**WHAT THE EXERCISE ASKS:** Within the entries below, please return exactly the lines from the one with "Das neuhergerichtete Salonschiff" through the one with "Men's Breathable High-Top", leaving out any pictures.

**DATA EXTRACTS:**
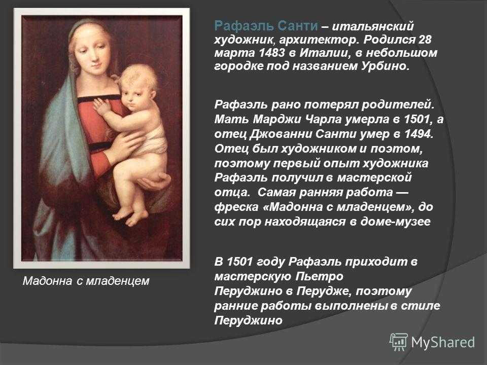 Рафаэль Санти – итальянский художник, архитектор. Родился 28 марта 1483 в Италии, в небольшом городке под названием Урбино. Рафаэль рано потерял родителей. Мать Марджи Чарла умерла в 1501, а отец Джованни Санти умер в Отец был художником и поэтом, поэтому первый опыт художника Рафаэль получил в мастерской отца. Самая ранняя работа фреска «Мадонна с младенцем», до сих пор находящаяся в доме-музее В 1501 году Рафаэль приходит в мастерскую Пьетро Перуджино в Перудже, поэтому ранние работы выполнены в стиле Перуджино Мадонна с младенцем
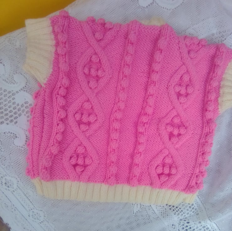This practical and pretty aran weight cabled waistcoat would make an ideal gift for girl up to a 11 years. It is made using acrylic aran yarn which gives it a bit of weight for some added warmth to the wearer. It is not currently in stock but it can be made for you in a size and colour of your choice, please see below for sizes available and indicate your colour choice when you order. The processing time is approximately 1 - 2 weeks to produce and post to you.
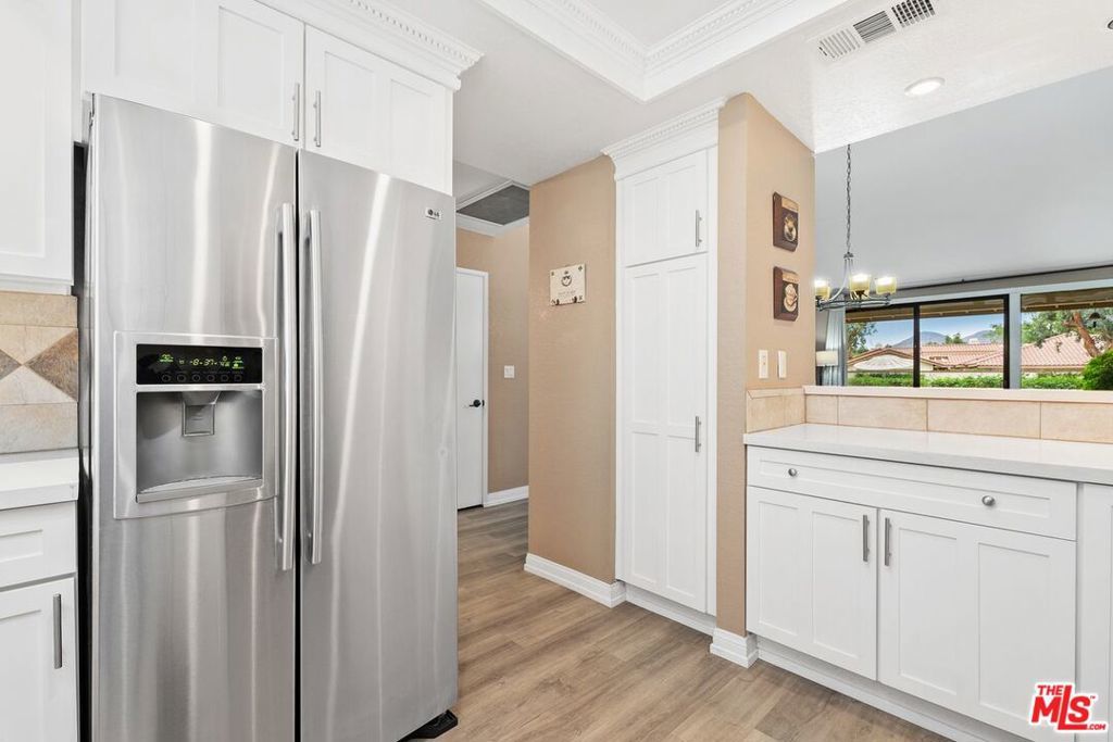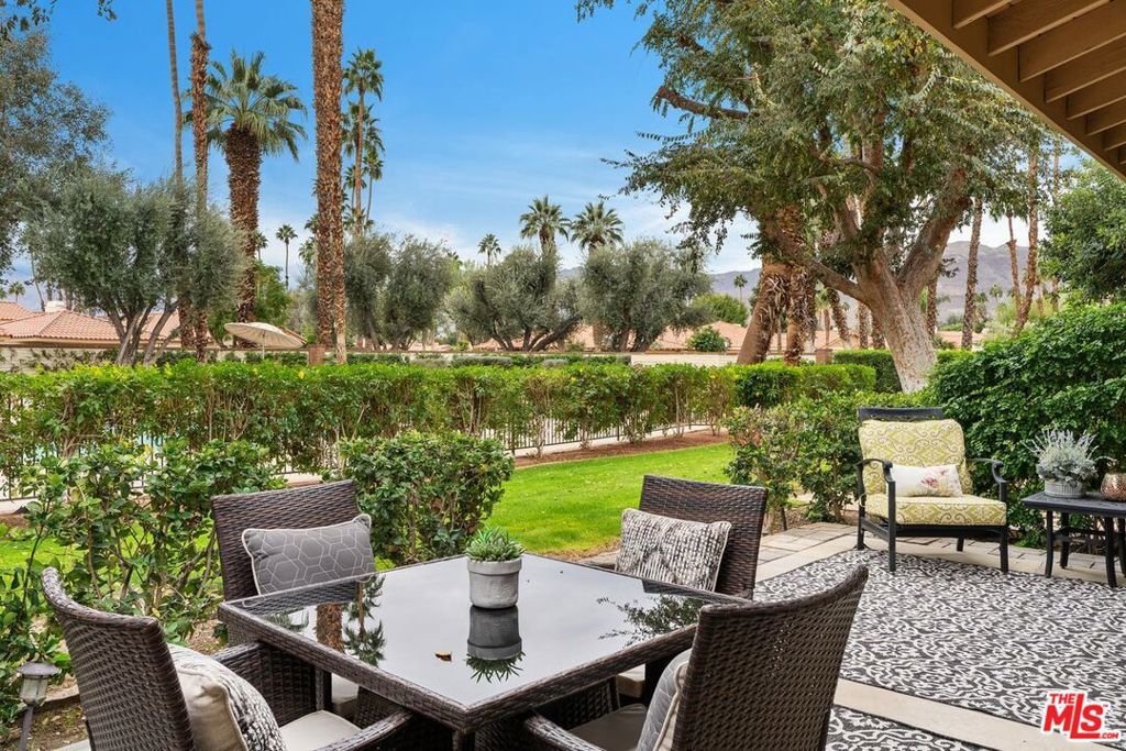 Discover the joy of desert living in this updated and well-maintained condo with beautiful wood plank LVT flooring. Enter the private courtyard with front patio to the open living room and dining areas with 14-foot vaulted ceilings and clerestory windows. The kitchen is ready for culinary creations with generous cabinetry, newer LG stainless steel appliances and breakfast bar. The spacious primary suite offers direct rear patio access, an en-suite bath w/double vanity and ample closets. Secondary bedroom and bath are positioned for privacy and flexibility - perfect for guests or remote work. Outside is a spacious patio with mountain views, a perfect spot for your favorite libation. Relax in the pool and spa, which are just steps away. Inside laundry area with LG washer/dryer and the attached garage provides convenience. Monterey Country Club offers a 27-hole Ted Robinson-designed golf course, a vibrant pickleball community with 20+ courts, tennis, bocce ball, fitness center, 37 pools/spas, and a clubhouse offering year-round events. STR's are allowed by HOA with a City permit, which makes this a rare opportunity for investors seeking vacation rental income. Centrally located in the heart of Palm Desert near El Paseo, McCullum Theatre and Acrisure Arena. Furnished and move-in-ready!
--
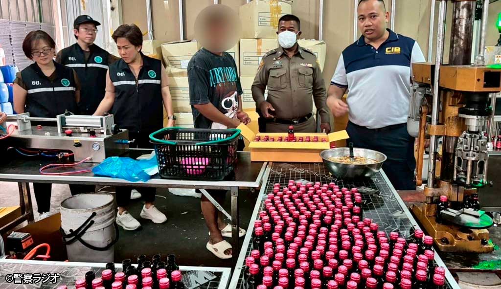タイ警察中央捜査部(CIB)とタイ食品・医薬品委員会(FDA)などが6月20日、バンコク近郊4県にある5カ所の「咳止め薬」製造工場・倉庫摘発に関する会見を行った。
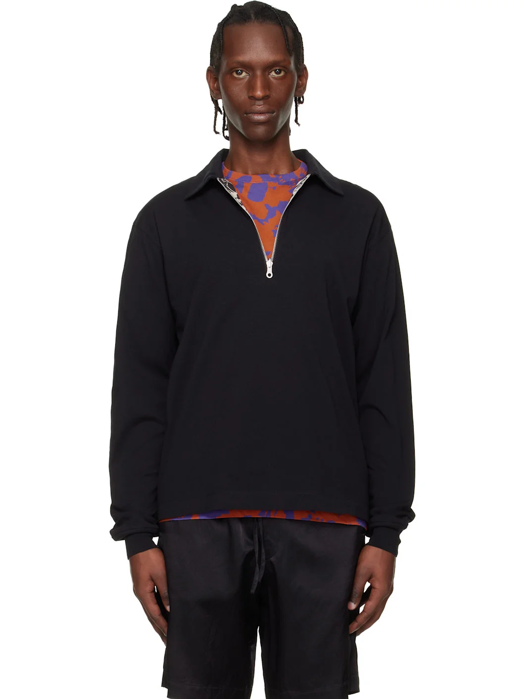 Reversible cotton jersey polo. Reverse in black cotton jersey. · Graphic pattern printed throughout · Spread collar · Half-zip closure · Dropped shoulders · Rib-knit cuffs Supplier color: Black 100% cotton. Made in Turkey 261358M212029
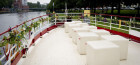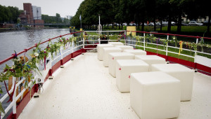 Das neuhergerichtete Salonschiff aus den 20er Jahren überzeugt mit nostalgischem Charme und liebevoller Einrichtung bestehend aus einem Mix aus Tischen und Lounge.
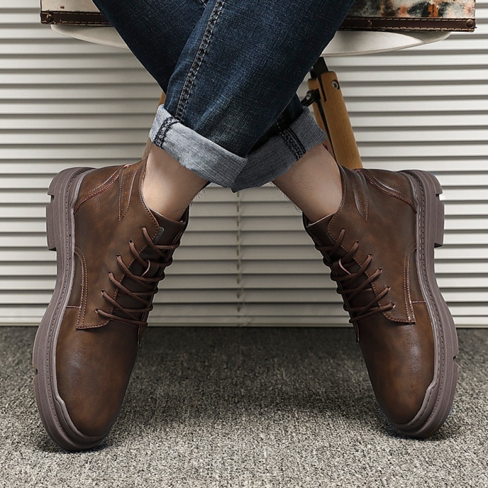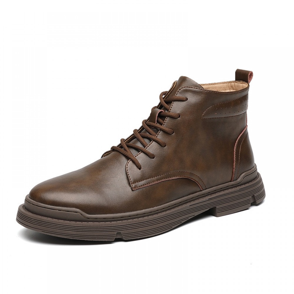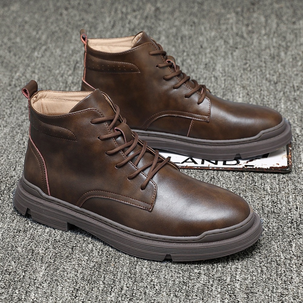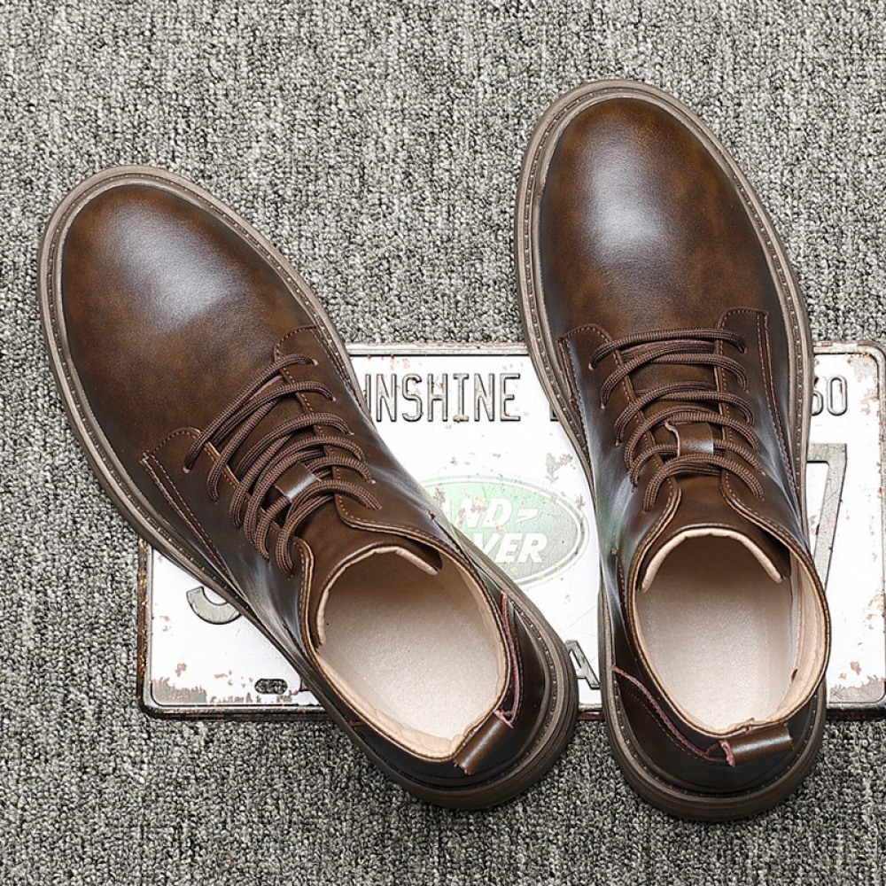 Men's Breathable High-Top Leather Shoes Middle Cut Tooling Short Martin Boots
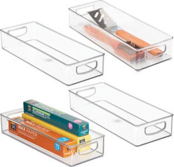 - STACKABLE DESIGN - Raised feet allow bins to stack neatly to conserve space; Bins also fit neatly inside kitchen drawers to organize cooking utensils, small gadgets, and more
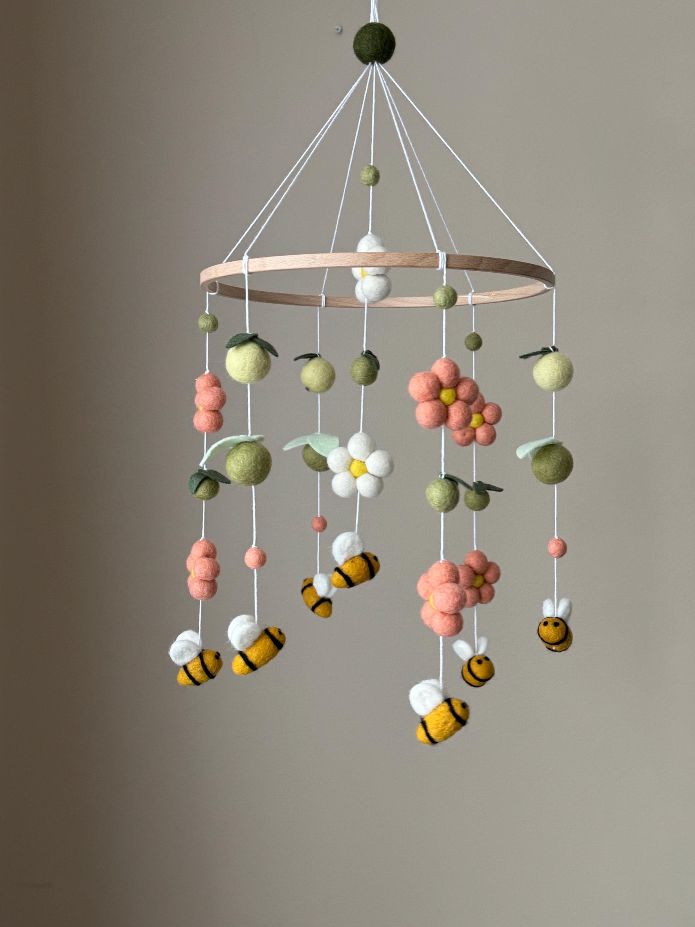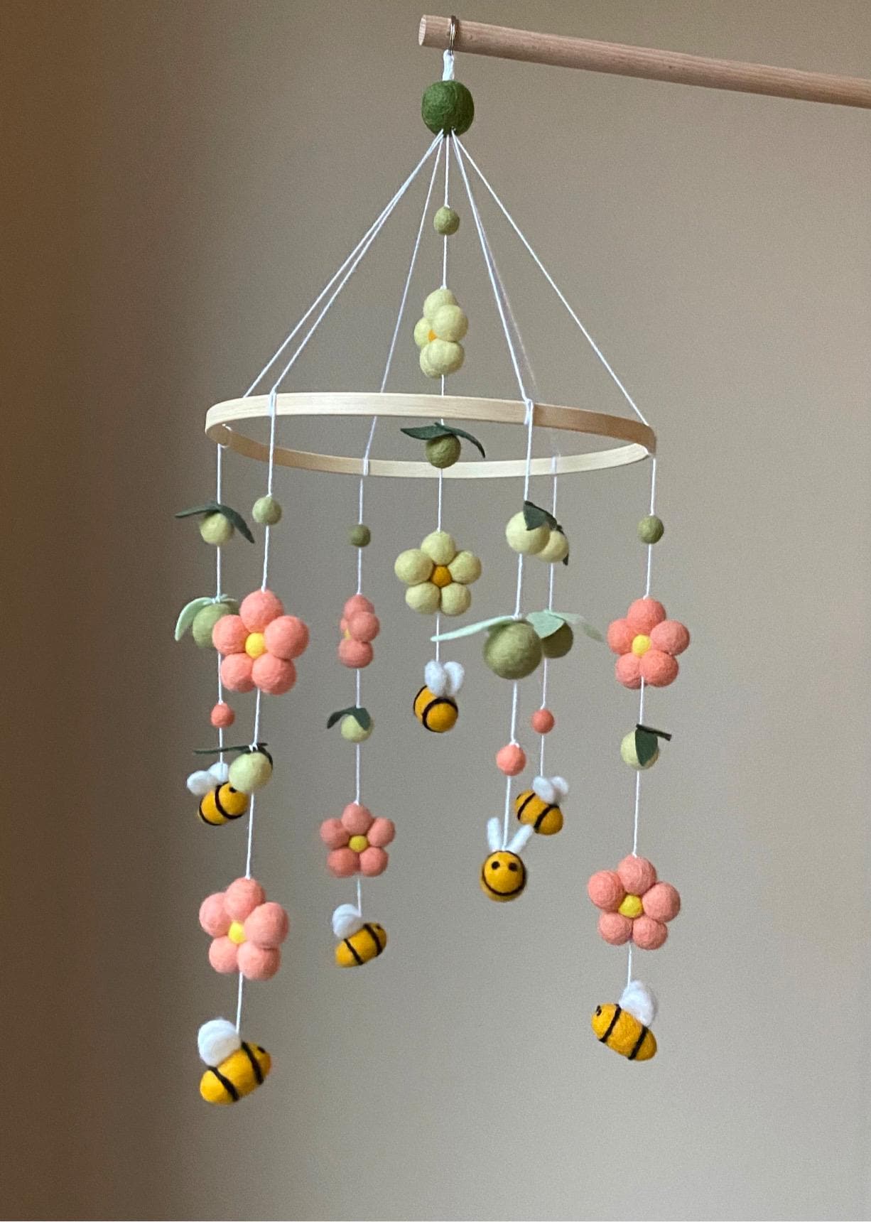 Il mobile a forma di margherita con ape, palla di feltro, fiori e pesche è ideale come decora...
---
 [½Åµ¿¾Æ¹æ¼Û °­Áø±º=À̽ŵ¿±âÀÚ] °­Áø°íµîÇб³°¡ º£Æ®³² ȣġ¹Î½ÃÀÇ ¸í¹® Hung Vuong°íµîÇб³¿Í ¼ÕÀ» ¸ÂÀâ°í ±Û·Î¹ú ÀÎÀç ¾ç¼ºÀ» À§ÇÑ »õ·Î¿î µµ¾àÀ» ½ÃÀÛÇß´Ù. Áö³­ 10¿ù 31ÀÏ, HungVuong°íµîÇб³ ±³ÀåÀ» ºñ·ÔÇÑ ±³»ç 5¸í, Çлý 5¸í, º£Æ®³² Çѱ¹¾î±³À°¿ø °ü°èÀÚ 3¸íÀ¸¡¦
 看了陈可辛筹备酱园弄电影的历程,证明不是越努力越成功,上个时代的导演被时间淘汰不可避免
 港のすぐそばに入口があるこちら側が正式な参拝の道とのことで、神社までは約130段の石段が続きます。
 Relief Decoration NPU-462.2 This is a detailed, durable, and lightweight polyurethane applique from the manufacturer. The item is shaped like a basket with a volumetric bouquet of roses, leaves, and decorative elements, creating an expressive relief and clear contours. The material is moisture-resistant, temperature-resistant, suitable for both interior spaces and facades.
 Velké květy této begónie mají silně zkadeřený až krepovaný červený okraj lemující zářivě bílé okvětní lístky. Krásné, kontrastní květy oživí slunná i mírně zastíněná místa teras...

**COMPLETED EXERCISE:**
 Das neuhergerichtete Salonschiff aus den 20er Jahren überzeugt mit nostalgischem Charme und liebevoller Einrichtung bestehend aus einem Mix aus Tischen und Lounge.
 Men's Breathable High-Top Leather Shoes Middle Cut Tooling Short Martin Boots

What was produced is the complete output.